Learning 17: External Linkage and Declarations (Rule 8.4)
The Struggle: MISRA violation: A compatible declaration shall be visible when an object... with external linkage is defined. The Cause: Global variables defined in a .c file without a corresponding extern declaration in a .h file. The Solution: Either move the variable to static scope if it’s local to the file, or add an extern declaration to the header file to provide a visible interface for other translation units.
Learning 18: Standard Library & Dead Declarations
The Struggle: Violations for <stdio.h> and unused typedef struct. The Cause: MISRA Rule 21.6 prohibits standard I/O to ensure determinism, and Rules 2.3/2.4 prohibit unused types to minimize code complexity. The Solution: Replace standard I/O with hardware-specific drivers or lightweight custom formatters. Remove all unused type and tag declarations to ensure the codebase remains “lean” and fully traceable to requirements.
Learning 19: Custom Utilities vs. Standard Library
The Struggle: MISRA 21.6 flags stdio.h usage, but string formatting is needed for UART. The Cause: stdio.h is non-deterministic and heavy for safety-critical systems. The Solution: Implement a lightweight, MISRA-compliant app_itoa and app_ftoa function using fixed-width types (uint32_t or float), explicit unsigned literals (U), and bounds checking. This ensures the binary remains small and the execution time remains predictable.
Learning 20: Floating Point Formatting without stdio
The Struggle: Needing to log temperature/humidity floats while complying with MISRA 21.6. The Cause: Floating point support in printf is resource-heavy and non-deterministic. The Solution: Use the “Scale and Split” method. Cast the float to integers to separate the whole and fractional parts. This approach satisfies MISRA’s determinism requirements and avoids pulling in the large standard I/O library.
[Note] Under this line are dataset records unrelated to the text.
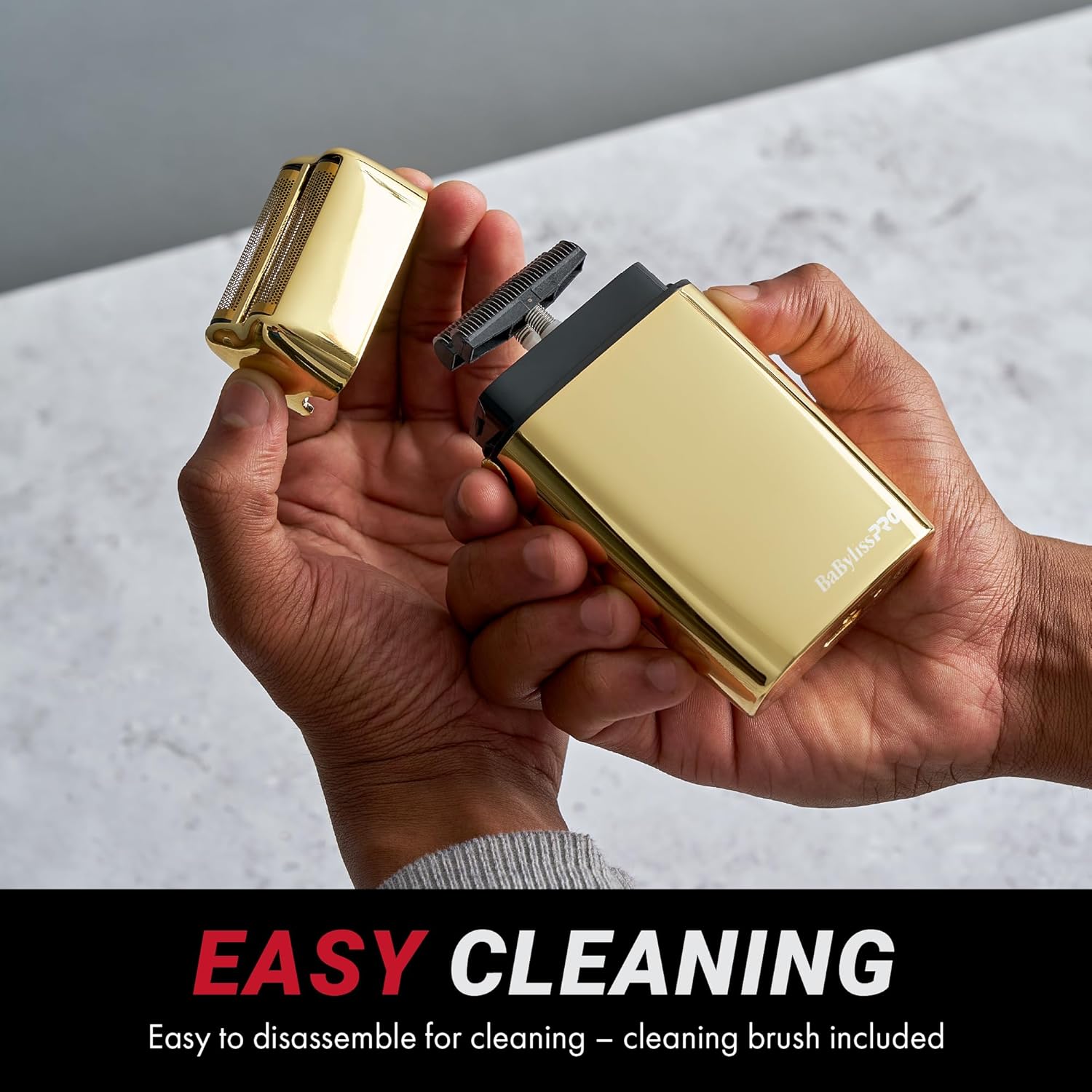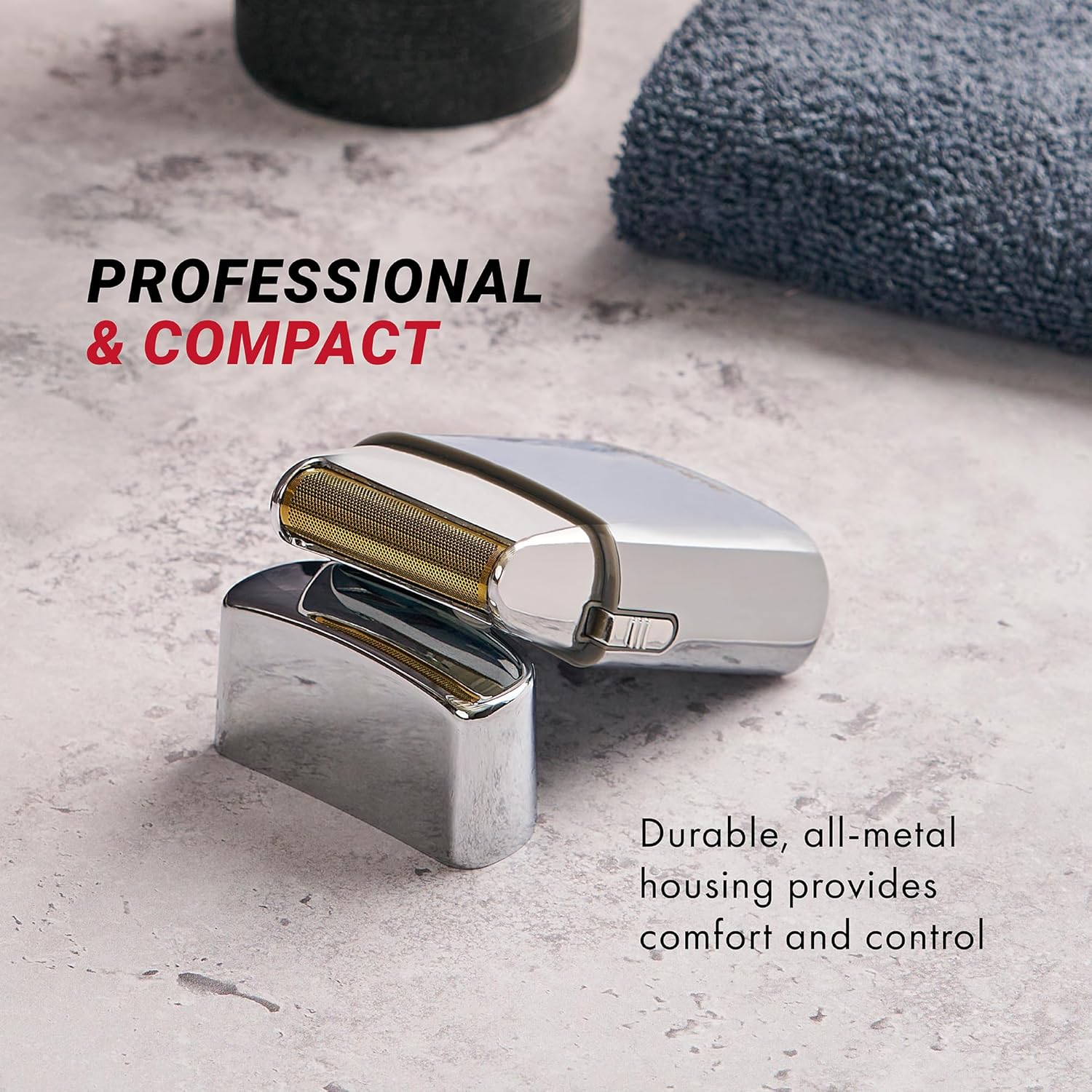 The BaBylissPRO FOILFX01 cordless shaver is a professional, compact-size metal foil shaver equipped with a single, hypoallergenic gold foil. It comes with a storage pouch & 2 AA batteries.
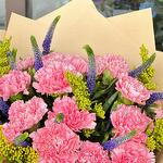 Букет из розовых гвоздик с фиолетовой вероникой и солидаго в качестве наполнителей. Завёрнут в коричневую бумажную обёртку и перевязан розовой лентой
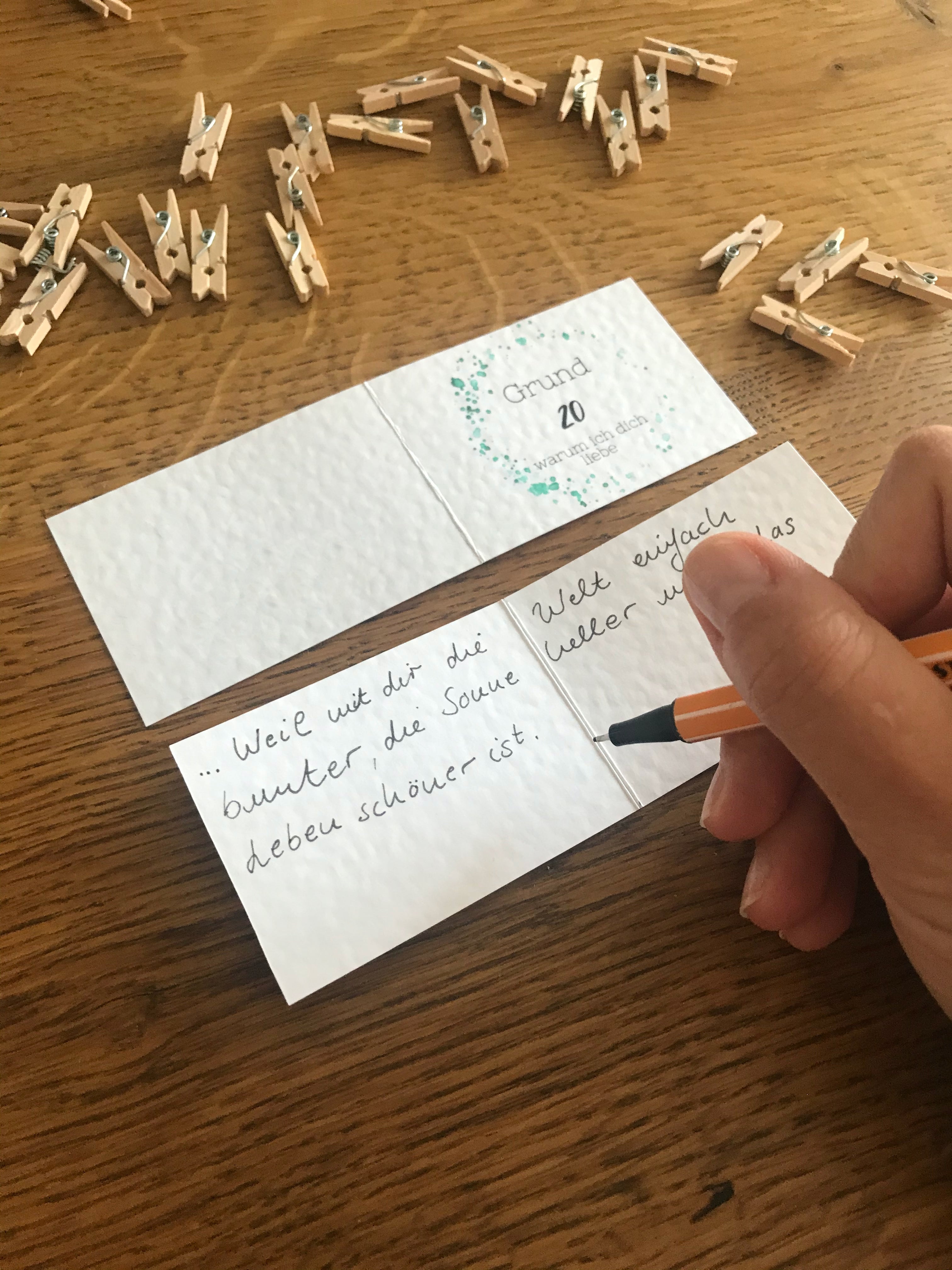 1. Beschrifte die Kärtchen mit deinen eigenen Worten – zum Beispiel mit Erinnerungen, kleinen Liebesbotschaften oder Dingen, die du an diesem lieben Menschen so schätzt.
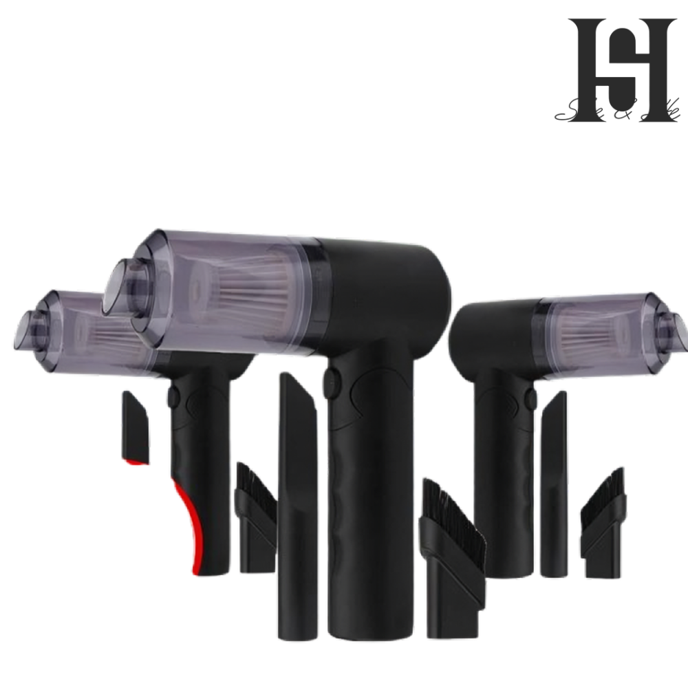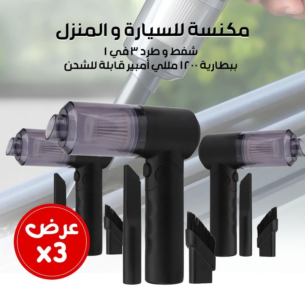 استمتع بالنظافة في كل مكان مع عرض 3 مكنسة للسيارة والمنزل. تصميم مدمج باللون الأسود، يعمل بنظام 3 في 1: شفط، طرد، وتنظيف شامل، مع بطارية قابلة للشحن بسعة 1200 مللي أمبير.

Learning 21: Avoiding Variadic Functions (Rule 17.1)
The Struggle: Wanting to use snprintf-like formatting for easy logging. The Cause: MISRA Rule 17.1 prohibits <stdarg.h>, meaning %d and %f formatters are not allowed because they lack type safety. The Solution: Use explicit data structures for logging or manual string concatenation. This ensures every piece of data is type-checked at compile time, preventing the stack corruption risks associated with printf.
Learning 22: Fixed-Argument Formatters vs. snprintf
The Struggle: Maintaining simple function calls for logging without using prohibited variadic functions. The Cause: MISRA Rule 17.1 forbids stdarg.h, making snprintf unusable in strict environments. The Solution: Implement “Fixed-Argument Formatters.” By defining a function with a specific number of parameters (Label, Value, Unit), we achieve the convenience of a single call while maintaining 100% type safety and stack predictability.
Learning 23: Implicit Types and FreeRTOS Headers
The Struggle: Error: unknown type name 'EventGroupHandle_t' followed by passing argument... makes pointer from integer. The Cause: Using a FreeRTOS type in a header without including the required FreeRTOS source headers first. The compiler defaults unknown types to int, leading to pointer-mismatch warnings during API calls. The Solution: Always include FreeRTOS.h followed by the specific feature header (like event_groups.h or semphr.h) before declaring handles in global headers.